I set up a page with two paragraphs of garbage and five links to more garbage. This should cause the crawler’s queue would fill up with an exponentially increasing amount of trash, until it had no resources left to crawl my real site.
Here’s one of the pages if you want to check it out: /babble/
That being said, here's the source code for my version.
Once again, I hid a few links around my blog and waited.
The bots:
I saw two bots that identified themselves. The best known is GPTBot, from ChatGPT:
Mozilla/5.0 AppleWebKit/537.36 (KHTML, like Gecko; compatible; GPTBot/1.2; +https://openai.com/gptbot)
Another bot in the honest-but-ignores-robots.txt category is Thinkbot:
Mozilla/5.0 (compatible; Thinkbot/0.5.8; +In_the_test_phase,_if_the_Thinkbot_brings_you_trouble,_please_block_its_IP_address._Thank_you.)
However, despite the usage agent string, it rotates though 75 IP addresses, so blocking by address would be quite annoying.
I also saw a few dishonest but obvious crawlers, spamming my server with requests from a single IP address. There was one crawler from a residential address pretending to be Firefox (2 requests per second, always sent HEAD requests):
Mozilla/5.0 (Windows NT 10.0; Win64; x64; rv:129.0) Gecko/20100101 Firefox/129.0
I also saw 43.134.189.59 hitting my server with 20 requests/second while pretending to be Chrome:
Mozilla/5.0 (Windows NT 10.0; Win64; x64) AppleWebKit/547.36 (KHTML, like Gecko) Chrome/58.0.3029.110 Safari/537.36
The most interesting thing I found was a network of stealthy bots that pretend to be browsers.
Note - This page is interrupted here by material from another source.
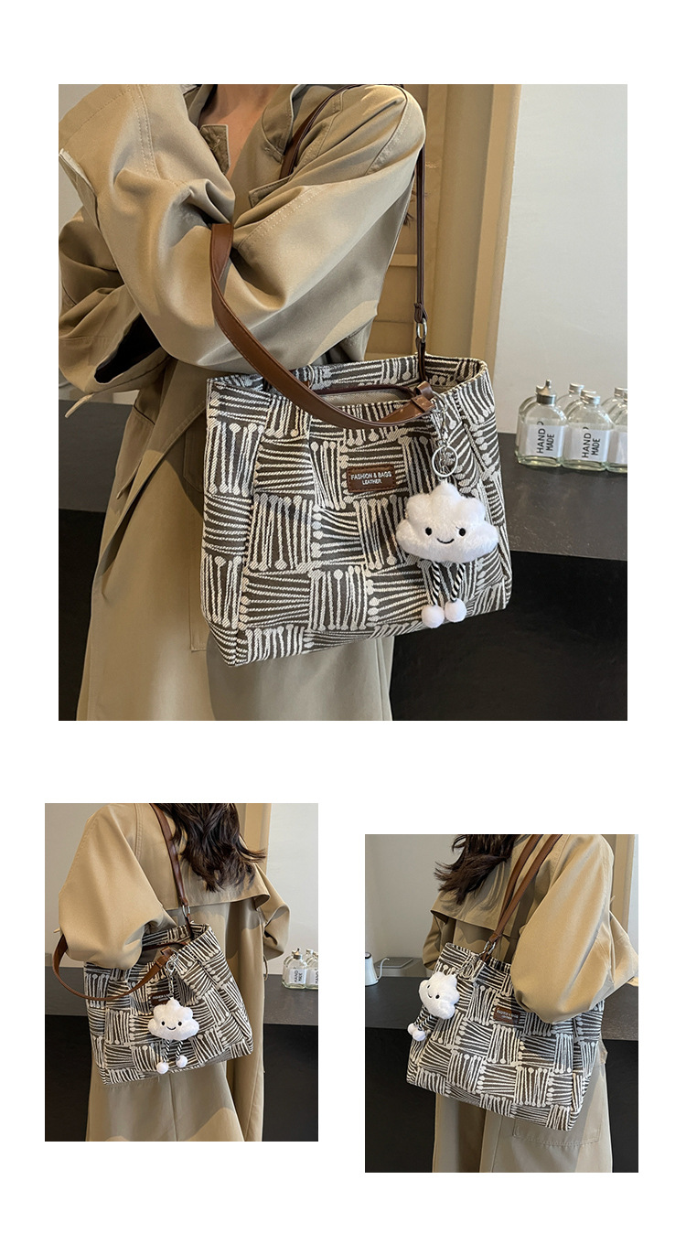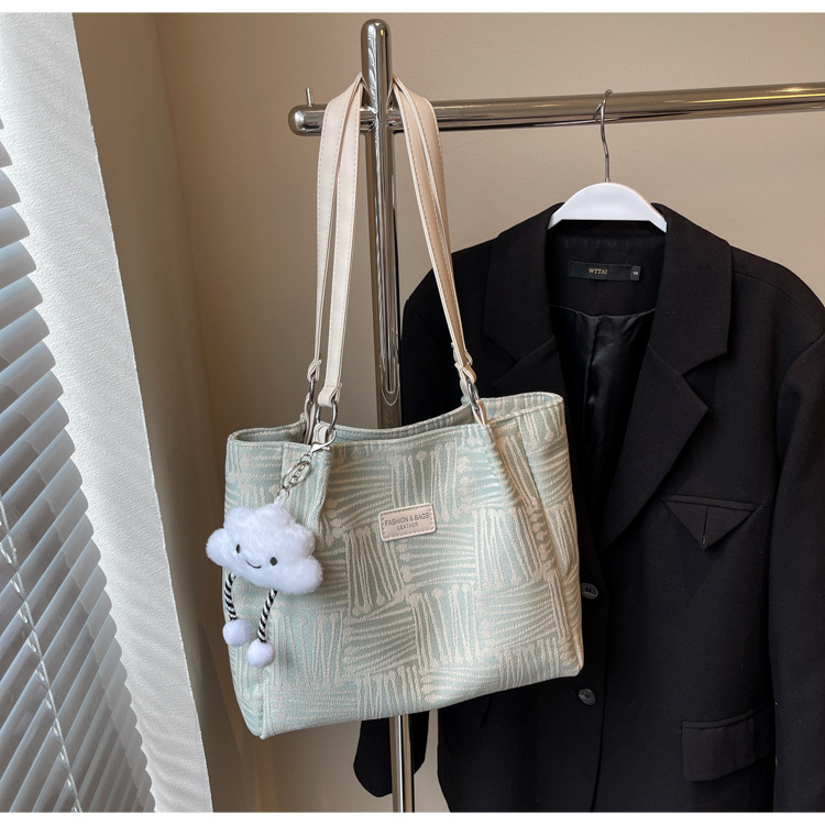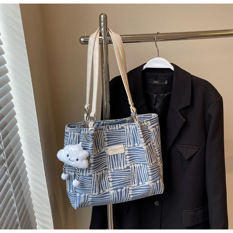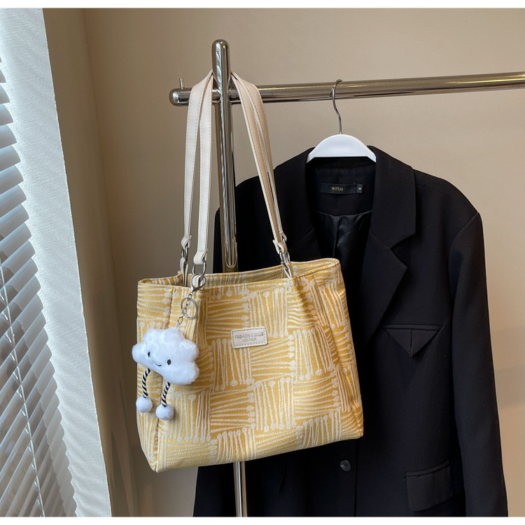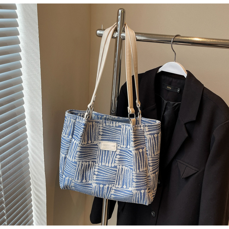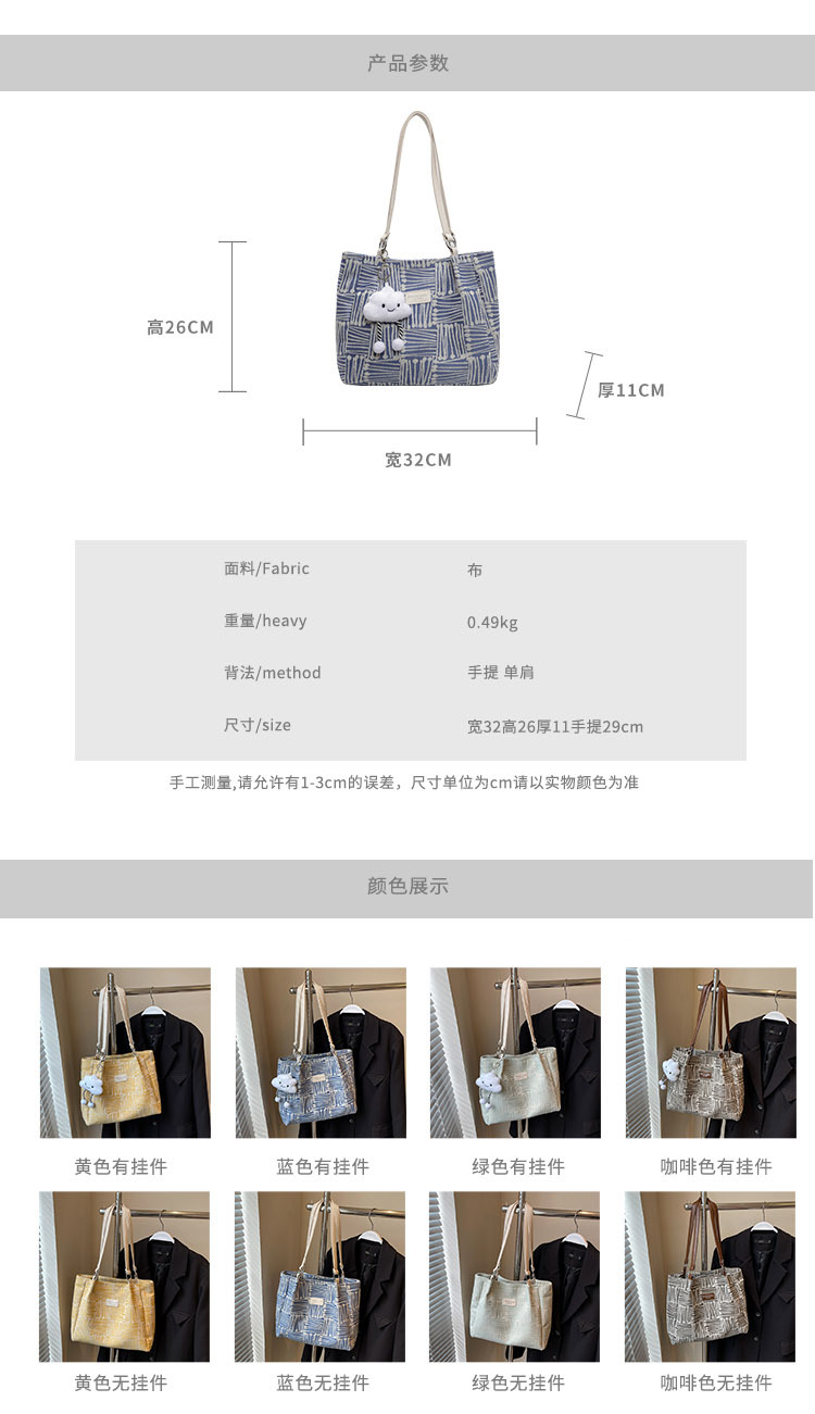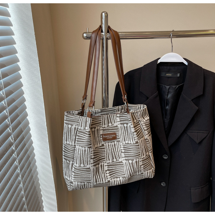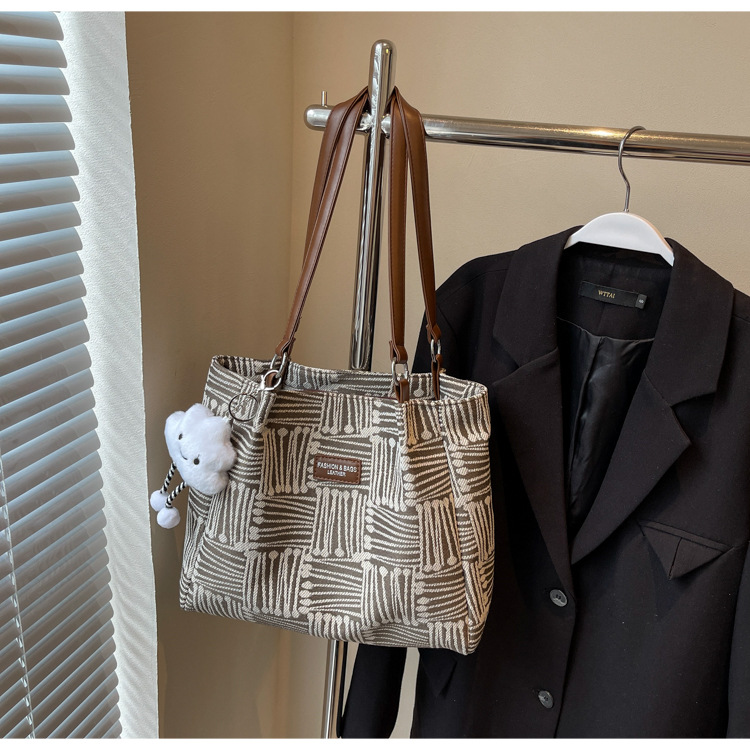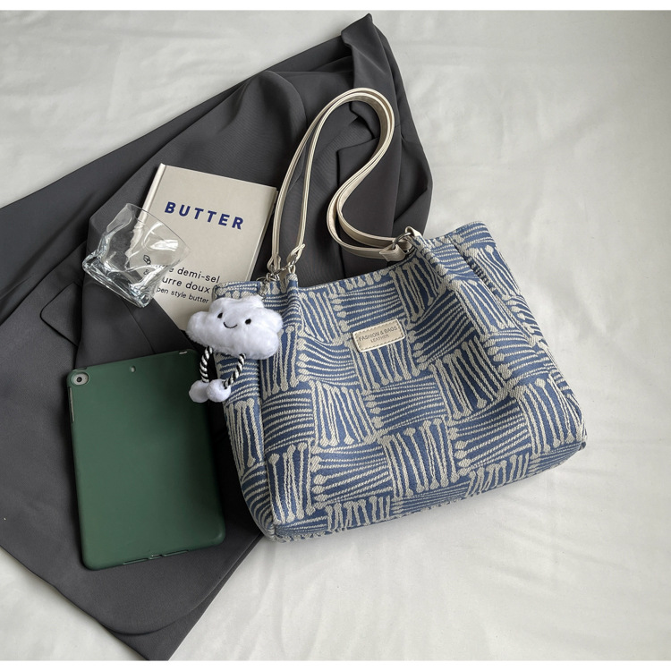 한국 패션 줄무늬 가방 여성 가방 2024 새 겨드랑이 가방 캐주얼 캔버스 올매치 우아한 어깨 가방

Here’s a sample of the IP addresses they used:
170.150.246.83
170.79.230.64
170.83.29.24
177.106.195.210
177.124.107.1
177.172.98.41
177.33.96.60
177.67.38.55
177.92.31.66
179.124.182.172
179.97.27.235
181.235.187.139
186.116.198.158
186.13.225.45
186.137.122.204
186.18.15.67
186.193.61.124
186.211.149.8
186.232.44.66
187.180.212.170
189.34.198.142
189.82.27.130
189.90.121.172
190.89.110.25
191.7.148.202
200.52.28.229
201.159.144.174
201.254.222.66
201.27.107.80
216.234.209.246
222.253.91.118
41.212.22.193
4.227.36.96
43.130.12.43
... and many, many more.
2001:ee0:464a:d23d:bccf:fbbe:2e26:a83e
2001:ee0:46d6:adef:d898:378c:d40b:32f4
2001:ee0:4908:ef44:e9b1:fcc8:f888:1580
2001:ee0:4b6c:b6be:9d1d:d79e:9558:869e
2001:ee0:4f3d:2a2b:b455:5359:57f3:3fc1
2001:ee0:4f7c:c347:bda8:444f:7f1b:d3fb
2001:ee0:4f7c:f1cc:8536:8311:7fe6:d895
2001:ee0:51c4:bbf1:192e:6e25:4c19:e819
2001:ee0:5384:b03f:2989:384e:c02e:d18e
Here’s some of the user agent strings they use:
Mozilla/5.0 (iPad; CPU OS 17_0_3 like Mac OS X) AppleWebKit/605.1.15 (KHTML, like Gecko) Version/17.0.1 Mobile/15E148 Safari/604.1
Mozilla/5.0 (iPhone; CPU iPhone OS 13_2_3 like Mac OS X) AppleWebKit/605.1.15 (KHTML, like Gecko) Version/13.0.3 Mobile/15E148 Safari/604.1
Mozilla/5.0 (iPhone; CPU iPhone OS 17_2 like Mac OS X) AppleWebKit/605.1.15 (KHTML, like Gecko) EdgiOS/121.0.2277.107 Version/17.0 Mobile/15E148 Safari/604.1
Mozilla/5.0 (Linux; Android 10; K) AppleWebKit/537.36 (KHTML, like Gecko) Chrome/122.0.0.0 Mobile Safari/537.36
Mozilla/5.0 (Windows NT 10.0; Win64; x64) AppleWebKit/537.36 (KHTML, like Gecko) Chrome/121.0.0.0 Safari/537.36 Edg/121.0.0.0
Mozilla/5.0 (Windows NT 10.0; Win64; x64) AppleWebKit/537.36 (KHTML, like Gecko) Chrome/121.0.0.0 Safari/537.36 Edg/121.0.0.0 Herring/95.1.1930.31
Mozilla/5.0 (Windows NT 10.0; Win64; x64) AppleWebKit/537.36 (KHTML, like Gecko) Chrome/121.0.0.0 Safari/537.36 Edg/121.0.0.0 Trailer/93.3.3695.30
Mozilla/5.0 (Windows NT 10.0; Win64; x64) AppleWebKit/537.36 (KHTML, like Gecko) Chrome/121.0.0.0 Safari/537.36 Edg/121.0.0.0 Viewer/99.9.9009.89
Mozilla/5.0 (X11; Linux x86_64; rv:123.0) Gecko/20100101 Firefox/123.0
These bots cycle though residential IPs, and each IP is only used for a single request. Looking at the logs, they are quite obvious because they hit “deep” URLs from brand new addresses, which are never seen again.
… very different from a human clicking links.
However, detecting them in real time is quite difficult (at least without annoying users by serving challenges instead of content) because by the time you’ve can tell it’s a bot, it’s too late to ban it.